25 Timely Tips for a New Year
Use this home-maintenance calendar to keep your house running like clockwork.
Tasks for January Through AprilIn January...
- Test your home for radon. A radioactive gas that causes lung cancer, radon can build up when windows and doors are sealed tight. So January, the coldest month, is an optimal time for an annual test, says Elias Rodriguez, an EPA spokes-man. Visit epa.gov/radon.
- Make sure your attic insulation is doing the trick. If snow melts off the roof soon after it falls, or if icicles form even when temperatures remain consistent, too much heat may be escaping from your home. If so, call a contractor.
- Check your sump pump. Do this now, before the first spring thaws of March, when melting snow and rain showers can cause basement flooding. To test, pour two gallons of water into the drain to raise the float and activate the motor. It should stop running once the water level drops below the activation level.
- See if your gas meter is iced over. On average, February is one of the snowiest months of the year.
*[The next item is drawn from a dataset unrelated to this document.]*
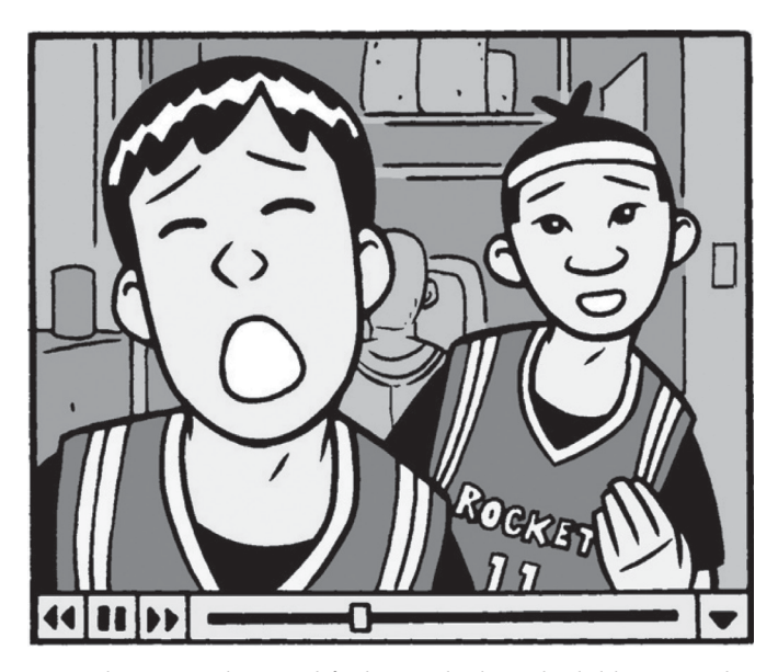
YouTube screenshot modified to make boys look like Jin and Wei-Chen

According to Managemyhome.com, accumulated ice on the meter can cause it to malfunction and create a gas leak. If the meter is iced over, contact your gas utility. (Chipping off the ice yourself can damage the unit.)
- Put new batteries in smoke alarms and carbon monoxide detectors. Do this when you turn your clocks ahead for daylight saving time.
- Make sure your fire extinguisher is properly pressurized. Check the gauge; the needle should be in the green section.
- Paint the house. “Latex paint performs best when the temperature at the time of application is 50 to 85 degrees Fahrenheit,” says Mark Schulte, director of membership and education for the Paint & Decorating Retailers Association, in St. Peters, Missouri. Under direct sunlight and scorching summer heat, “paint may lose adhesion, bubble, and peel.”
- Examine outdoor play equipment. Pieces made of wood, in particular, can get damaged during the winter. Cut or sand any splinters, and look for rotting at the base, which could weaken the structure.